Rice University has more than its fair share of students from China. Chinese people are also part of the backbone of the Medical Center. But until recently, they had nowhere in close proximity to enjoy a taste of home. That changed last year when John Hu helped Cooking Girl to open a location on West Holcombe Boulevard. In the past two months, Katy export Tiger Noodle House and Hu's own restaurant, Hu's Cooking, have joined the small community of Chinese restaurants in the neighborhood that go way beyond the Tso.
So why does Hu call his cuisine fusion? The menu is heavy on Szechuan fare, but also has Taiwanese dishes, including a whole section of "three-cup" dishes (one cup each of soy sauce, sesame oil, and rice wine) uncommon in Houston. But the real reason to go to Hu's Cooking is chef Wang Yu's originals. "Our chef's creations aren't exactly Szechuan, but his style," Hu says. He adds that on the Chef's Specials section, alone, there are nine dishes that don't exist anywhere else.
One of Yu's best innovations is dishes that pair Szechuan peppercorn with spearmint.
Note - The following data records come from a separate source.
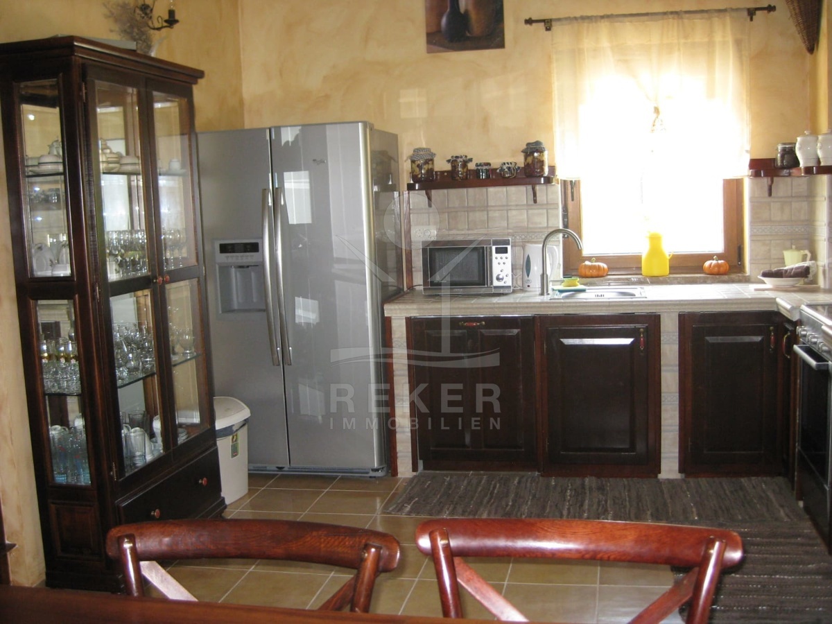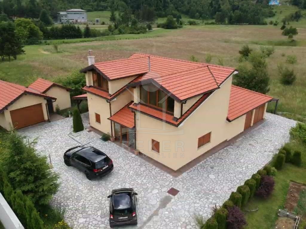 Die Villa befindet sich auf einem 5000 m² großen Grundstück und bietet eine Wohnfläche von 320 m², die sich über 3 Etagen erstreckt. Das Haus wurde im Jahr 2015 gebaut und hat die Energieklasse A+, was bedeutet, dass es extrem energieeffizient ist. Im Außenbereich gibt es auf dem großzügigen Hof einen Abstellraum von 12 m² sowie eine Garage von ca. 30 m² und mehrere Parkplätze. Das Grundstück ist flach und geräumig und kann bebaut werden.
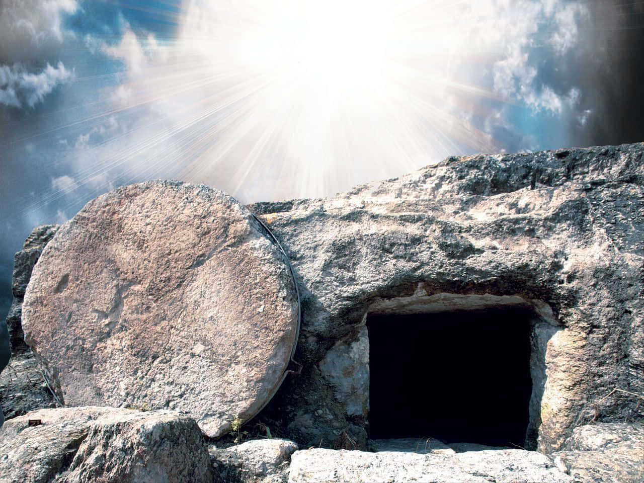 White Clouds Above An Empty Tomb Wallpaper
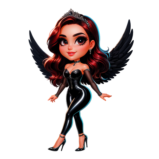 Precio habitual A partir de £0.75 GBPPrecio habitualPrecio unitario / por£2.39 GBPPrecio de oferta A partir de £0.75 GBPUn personaje animado y elegante con cabello rojo, alas negras y un elegante atuendo negro, que irradia un aura de confianza.
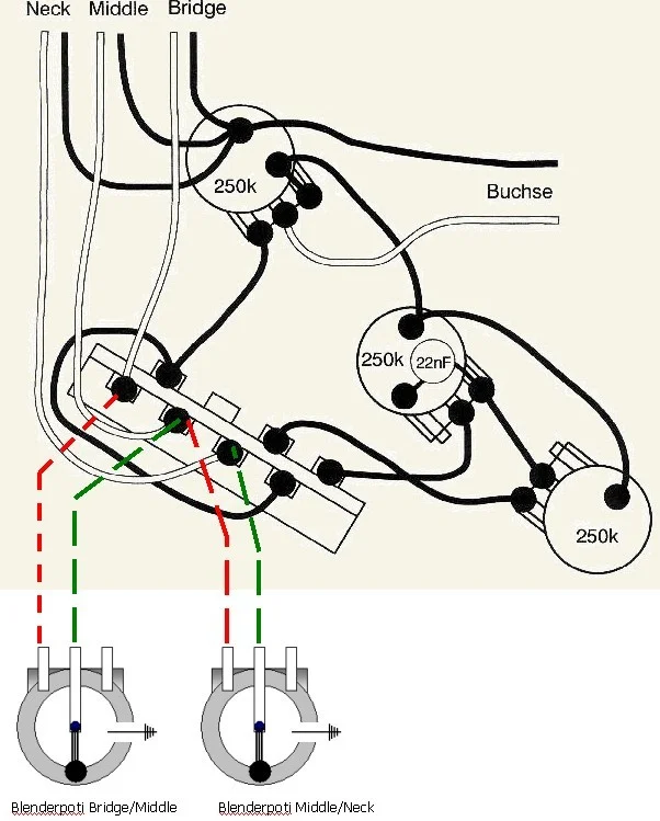 Wie kann ich das Blenderpoti (bei einem 5-fach Standard-Pickupschalter) anschließen,
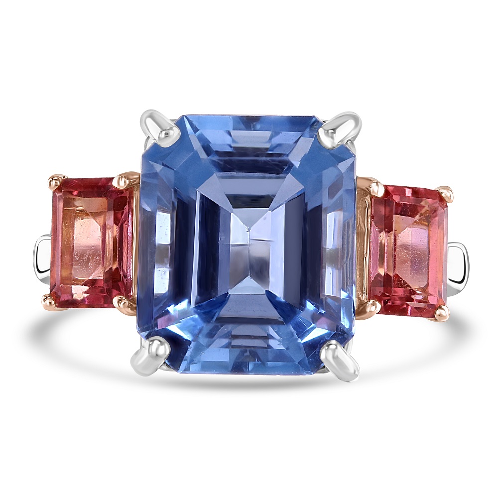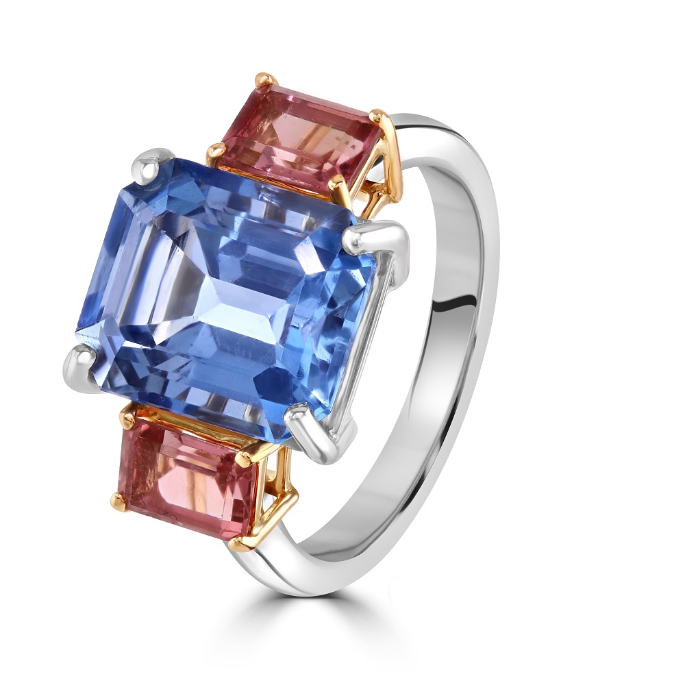 Discover the epitome of elegance with our stunning 18ct white and rose gold trilogy Ring, featuring a breath taking centre octagon cut Blue Topaz, securely held by four claws, and flanked by two equally mesmerizing octagon cut Pink Tourmalines, each also claw set. The Blue Topaz, weighing an impressive 7.0ct, radiates a serene blue hue, symbolizing tranquillity, and calmness. Complementing this, the Pink Tourmalines on either side have a combined weight of 1.20ct, adding a touch of warm vibrancy and sophistication to the piece. This exquisite ring perfectly blends the contemporary allure of white and rose gold, creating a harmonious and captivating look that's both timeless and modern. Crafted for those who appreciate the beauty of coloured gemstones framed in luxurious gold, this ring is a masterpiece of craftsmanship and style. Make a statement of refined elegance with this unique three-stone ring, where the contrasting colours and the brilliance of the gemstones come together to create a piece of unmatched beauty and allure.Top of Form
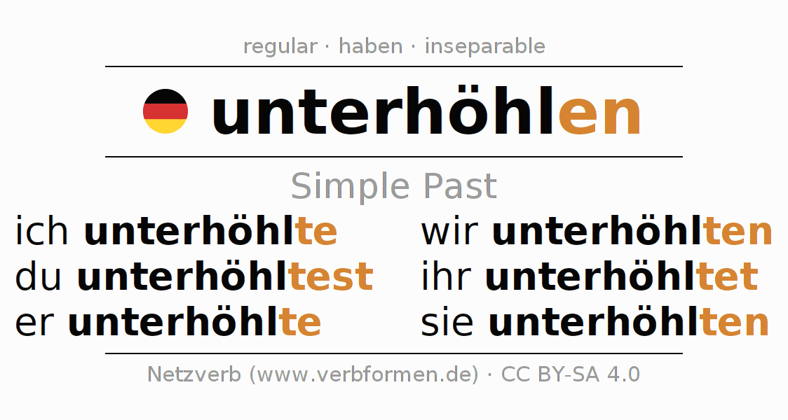 The conjugation of unterhöhlen (undermine, erode) in the past tense is ich unterhöhlte, du unterhöhltest, er unterhöhlte, wir unterhöhlten, ihr unterhöhltet, sie unterhöhlten. As a regular verb the unmodified stem höhl- is used. The preterite endings -te, -test, -te, -ten, -tet, -ten are appended to this stem.The conjugation of these forms conforms to the grammatical rules for verbs in the past tense. Comments ☆

The spicy shabu shabu lamb with spearmint uses the herb almost as a vegetable, along with beansprouts, in an oily, chile-spiked broth. The result is tingly, spiky and oddly refreshing. He achieves the same feat with the sizzling beef platter with spearmint.
Other originals include spicy beef with kidney beans, sweet-skinned duck served at room temperature, and the dish that we saw going to the most tables the day we dined, braised pork with fried shredded potato. Cubes of chile-flecked pork belly over extra-skinny shoestring fries? How could diners resist?
But lovers of Szechuan classics will be very happy ordering those, too. Ingredients are top-flight, including Spring Mountain Farms chicken, Berkshire pork, certified Angus beef, and premium halal lamb. But there is also less compromising for non-Chinese palates here than at other Szechuan outposts, perhaps partly because there are very few non-Chinese clients.
Red chile oil wontons burn with a quiet but insistent flame. The chubby dumplings burst with porky flavor and just a hint of sweetness, but it's the chiles that dominate in the end. Ma Po Tofu, made with extra-creamy bean curd, only has one of three chiles next to its name on the menu, but it packs a serious punch.
The mega-sized menu presents a challenge for those keen to eat their way through all the offerings. But we recommend making a serious attempt.